> _Data shown_:
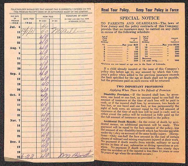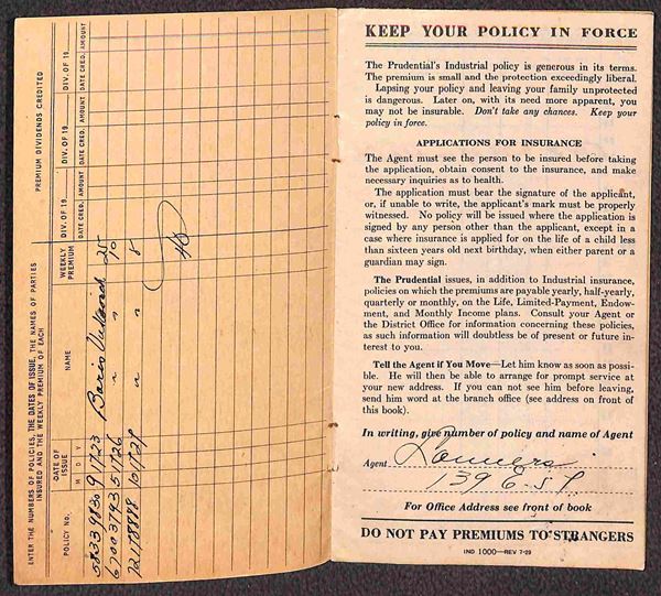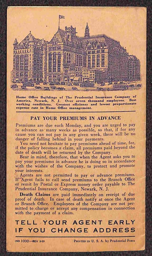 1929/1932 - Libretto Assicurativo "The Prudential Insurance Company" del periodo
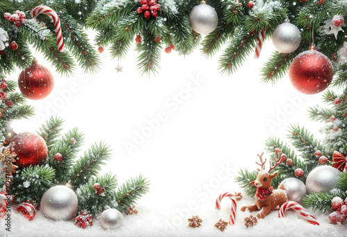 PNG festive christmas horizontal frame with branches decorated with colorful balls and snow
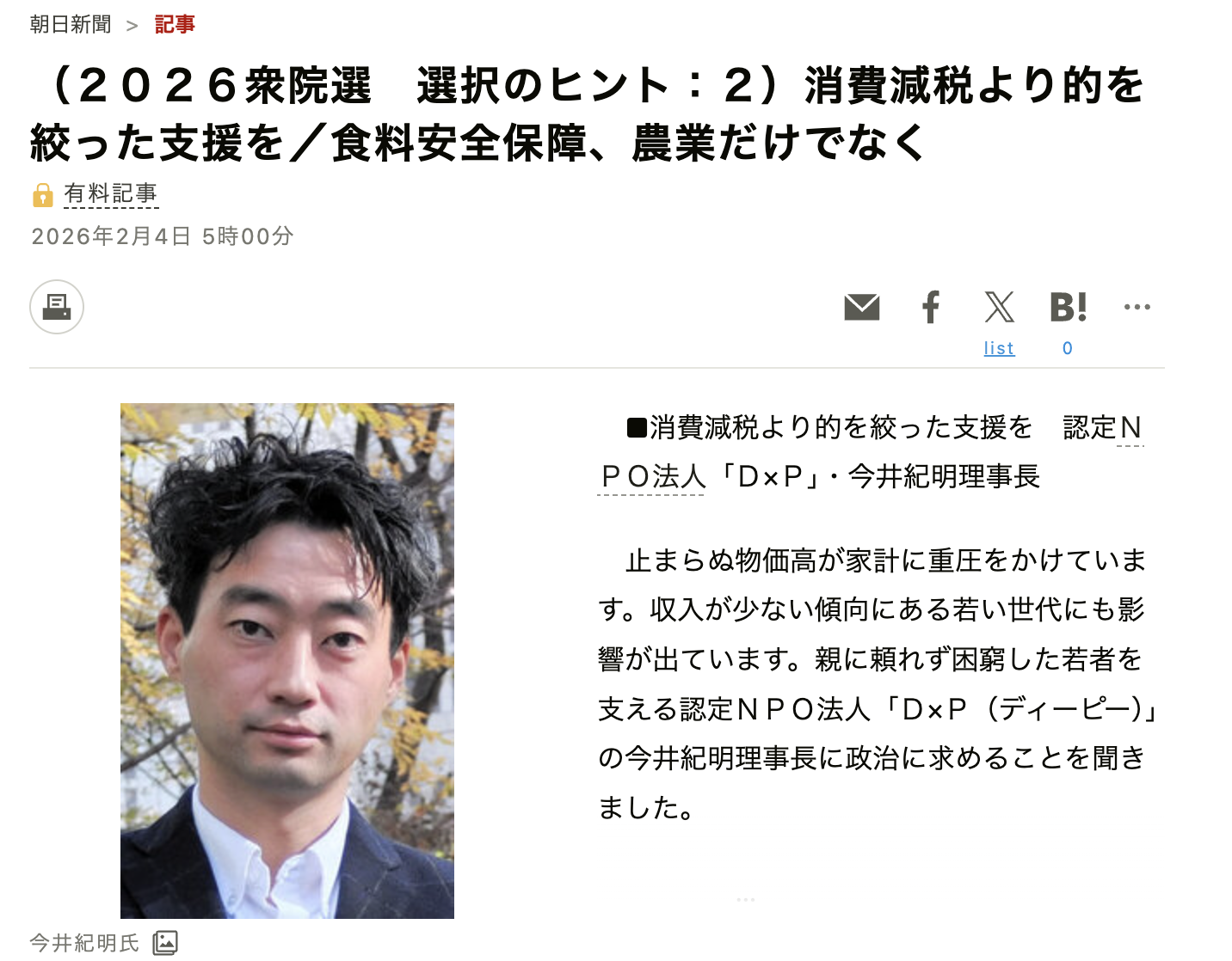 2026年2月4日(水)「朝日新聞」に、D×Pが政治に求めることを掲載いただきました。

> _Exercise_:
All of the material should be reproduced exactly, apart from the pictures.

> _Worked solution_:
 1929/1932 - Libretto Assicurativo "The Prudential Insurance Company" del periodo
 PNG festive christmas horizontal frame with branches decorated with colorful balls and snow
 2026年2月4日(水)「朝日新聞」に、D×Pが政治に求めることを掲載いただきました。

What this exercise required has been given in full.